Me too, makes me smile.


----------



## Merl

http://newsthump.com/2016/04/25/playing-musical-instruments-leads-to-death-finds-daily-mail/


----------



## Taggart

Man humiliated by better guitarist playing his guitar


----------



## Pugg

Taggart said:


> Man humiliated by better guitarist playing his guitar


I did not accept the cookies from that site


----------



## Poodle

gHeadphone said:


> Haha, great articles Victor!


Yes. it was a good reed! :tiphat:


----------



## Larkenfield

gHeadphone said:


> Dinner party host really wishes he had hidden those acoustic guitars/


Hmm. Interesting article. But I believe that most musicians would not try to humiliate or show up the host, whether deliberately or not, at a party... Parties are usually intended to be non-competitive.


----------



## Merl

There's always a better guitarist than me at parties. The last one to make me look ***** only had one arm.


----------



## eugeneonagain

Merl said:


> There's always a better guitarist than me at parties. The last one to make me look ***** only had one arm.

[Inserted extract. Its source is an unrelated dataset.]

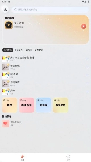 2、首页呈现了丰富的音乐素材,还有推荐、我的歌单管理等功能。

That's what all Paul Wittgenstein's pianist friends said.


----------



## malc

It seems that every other person in London walks around with a guitar , and is supplemented by a surfeit of buskers .Gone are the days when the rough boys shouted "giss a tune" and other more choice utterances! Now the Streets of London are paved with guitars , and in the Hipster flats guitars gather dust in the long road to musical dystopia [sorry]


----------